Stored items

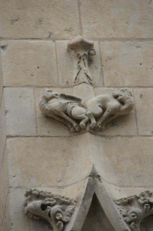 Clocher, vue de détail d'un gâble (2014), décor végétal, d'un hippogriffe et d'un chien.
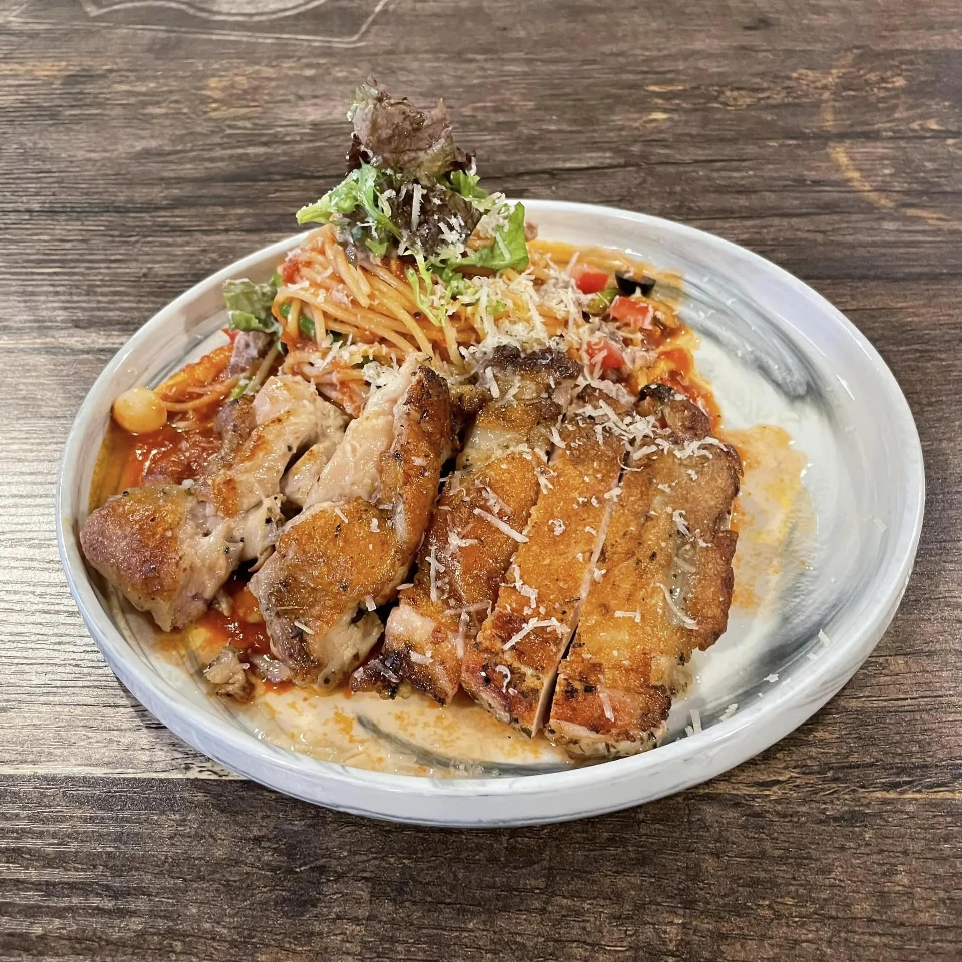 紅磚園邸以「現點現做」為宗旨,每道菜品都是新鮮製作。點了幾道招牌菜:明太子奶油香煎鮭魚排義大利麵、義式烤雞腿伐木工人番茄義大利麵和小惡魔骰子牛蒜味辣椒義大利麵。每一道菜都讓人驚艷,特別是明太子奶油香煎鮭魚排義大利麵,這道菜結合了奶油的滑順、明太子的微辣和鮭魚的鮮美,味道令人難以抗拒,讓人回味無窮。
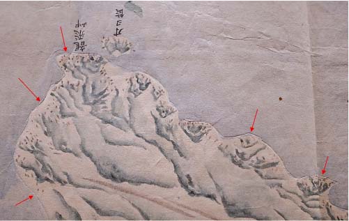 これまで白径は下図作製の基準線や、交会線などで使用されるものと説明されてきたが、不測量の竜飛岬周辺の海岸線や、同じく不測量であった十三潟の東側の湖岸を示すように白径が引かれ、陸地や海が着色されている。測線については針突法で複製できるが、測量されていないため針穴のない海岸や湖岸はどのように複製作図したのであろうか。
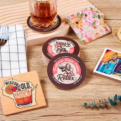 - this coaster is similar to a cork; this material is also highly absorbent. Made of high-density fiberboard that protects your furniture from both hot and cold beverages. A perfect choice for home or business use, and even as a gift.
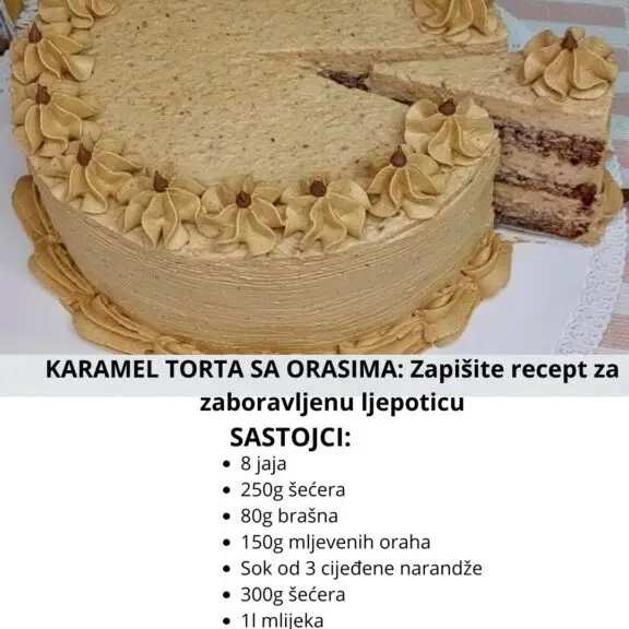 KARAMEL TORTA SA ORASIMA. Zapišite recept za zaboravljenu ljepoticu. Sastojci: KORE 8 jaja 250g šećera 80g brašna 50g prezle (krušnih mrvica) 150g mljevenih oraha Pola praška za pecivo (6g) Pečeni biskvit isjeći na tri kore. ZA NAMAKANjE KORA Sok od 3 cijeđene narandže FIL 300g šećera 1l mlijeka 120g gustina 200g maslaca ili margarina 150g …
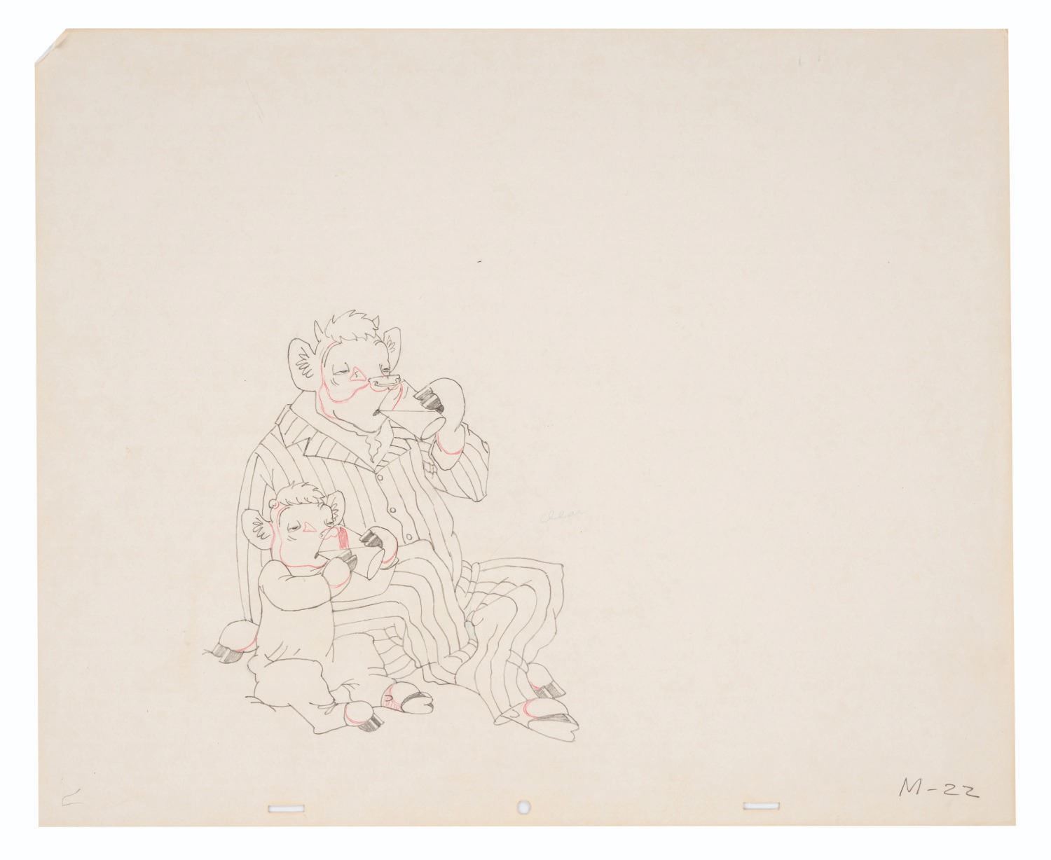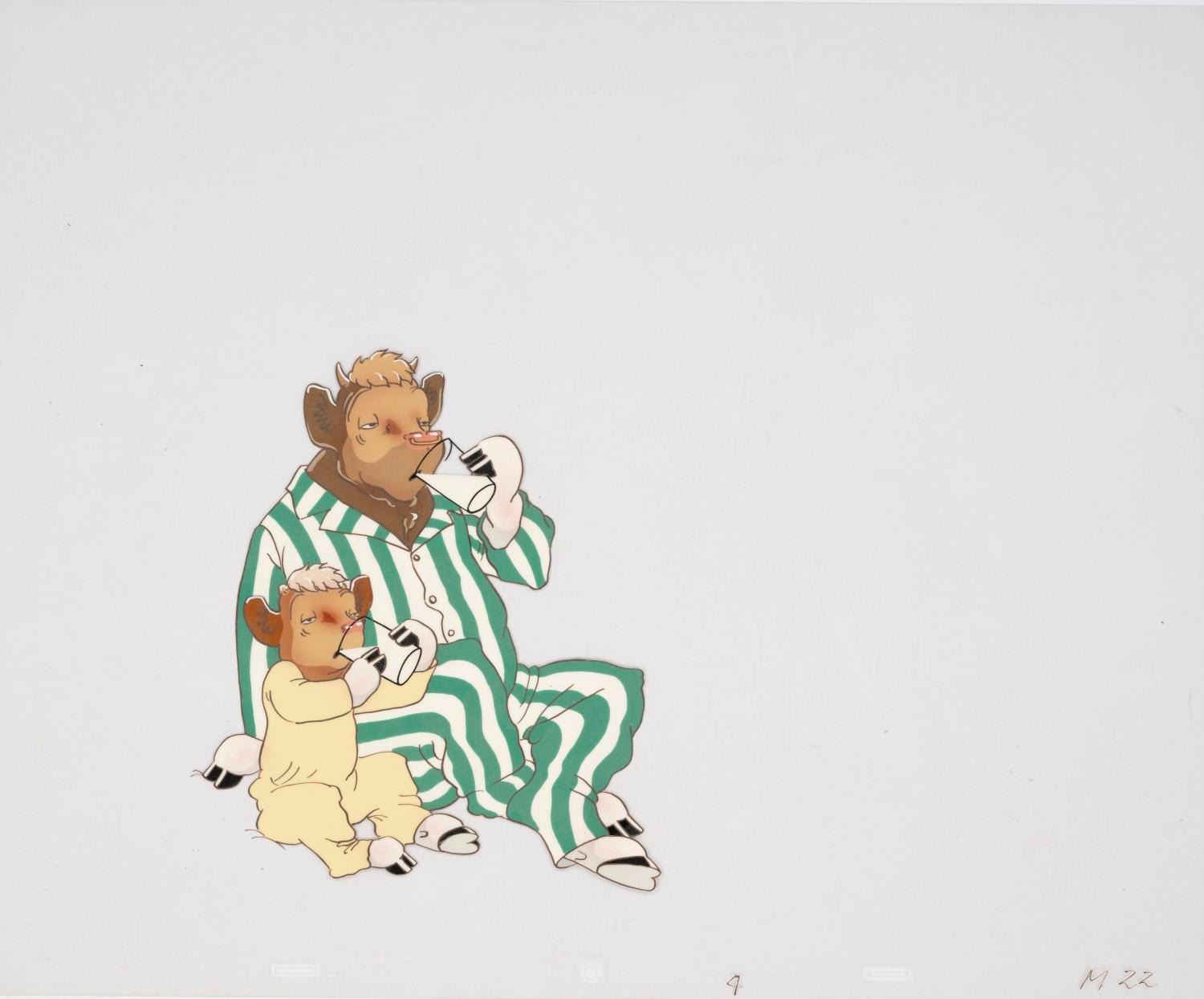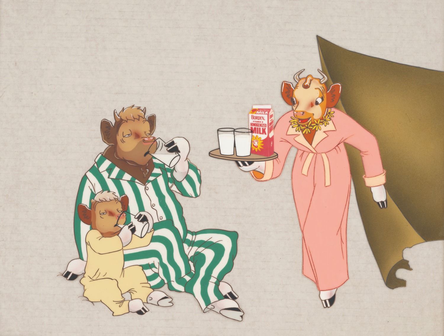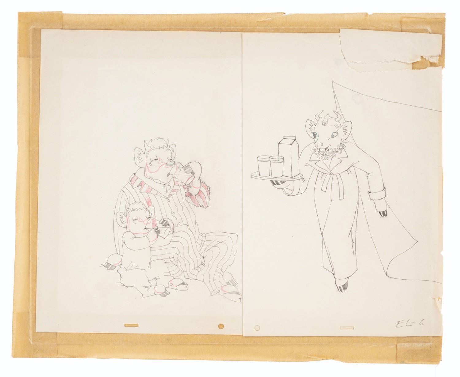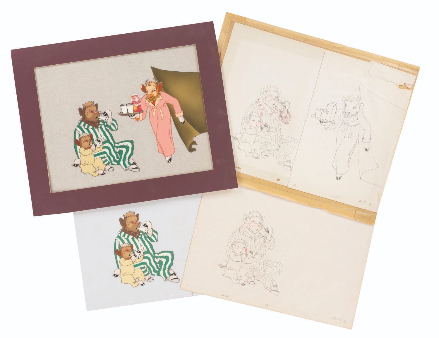(Borden, 1970s) A pair of cels from a Borden milk commercial, wih original production drawings. Included are two cels of Elmer and Beauregard in pajamas drinking milk, and one cel of Elsie in a robe serving them. The untrimmed cels measure 13.5"x16.5", with a character image size of 6"x7.5" and 11"x9". The cels are in very good condition, with matching production drawings good, with a corner torn off of the Elsie drawing that doesn't affect the image.

INSTRUCTIONS TO FOLLOW:
Give back exactly, and solely, the section of the data above bounded by the line containing "これまで白径は下図作製の基準" and the line containing "- this coaster", both bounding lines included and pictures omitted.

OUTPUT:
 これまで白径は下図作製の基準線や、交会線などで使用されるものと説明されてきたが、不測量の竜飛岬周辺の海岸線や、同じく不測量であった十三潟の東側の湖岸を示すように白径が引かれ、陸地や海が着色されている。測線については針突法で複製できるが、測量されていないため針穴のない海岸や湖岸はどのように複製作図したのであろうか。
 - this coaster is similar to a cork; this material is also highly absorbent. Made of high-density fiberboard that protects your furniture from both hot and cold beverages. A perfect choice for home or business use, and even as a gift.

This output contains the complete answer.